§ **Activity**: For this exercise, repeat the whole listing below exactly. Leave the pictures out.

§ **Material provided**:

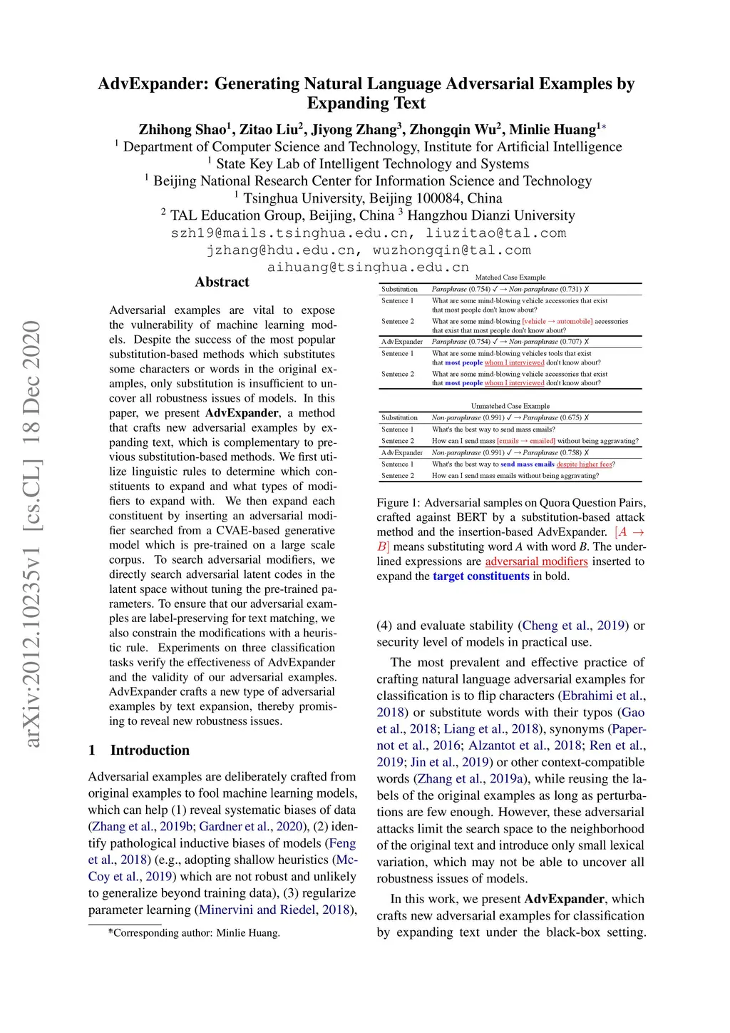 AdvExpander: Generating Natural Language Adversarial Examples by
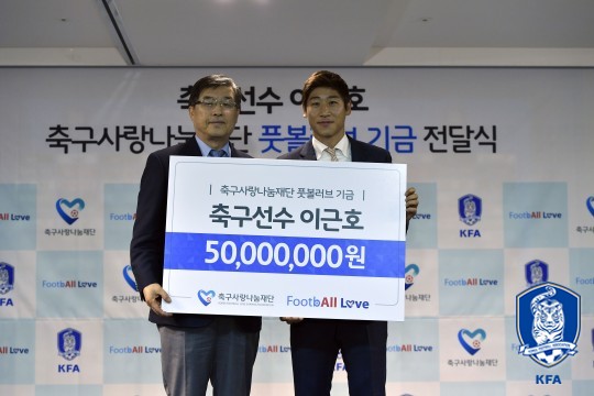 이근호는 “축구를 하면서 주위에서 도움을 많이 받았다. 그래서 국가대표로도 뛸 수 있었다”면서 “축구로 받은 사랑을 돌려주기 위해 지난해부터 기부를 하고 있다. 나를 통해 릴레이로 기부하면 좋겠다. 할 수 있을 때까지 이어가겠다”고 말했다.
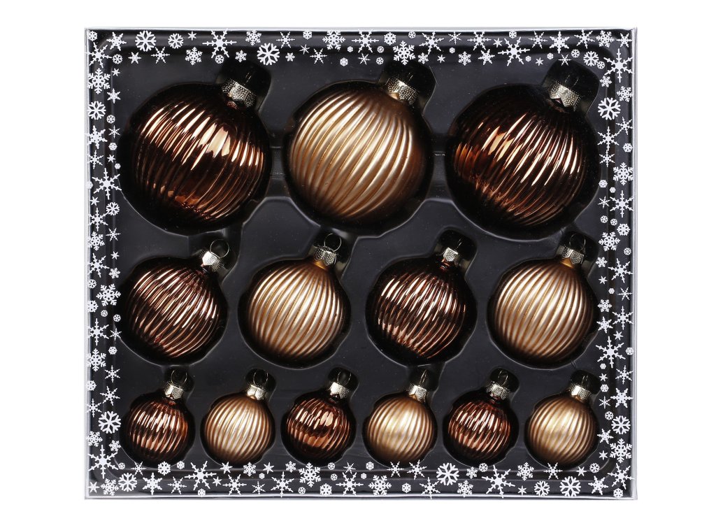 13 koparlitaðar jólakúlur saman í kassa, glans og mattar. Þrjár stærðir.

§ **Output of the task**:
 AdvExpander: Generating Natural Language Adversarial Examples by
 이근호는 “축구를 하면서 주위에서 도움을 많이 받았다. 그래서 국가대표로도 뛸 수 있었다”면서 “축구로 받은 사랑을 돌려주기 위해 지난해부터 기부를 하고 있다. 나를 통해 릴레이로 기부하면 좋겠다. 할 수 있을 때까지 이어가겠다”고 말했다.
 13 koparlitaðar jólakúlur saman í kassa, glans og mattar. Þrjár stærðir.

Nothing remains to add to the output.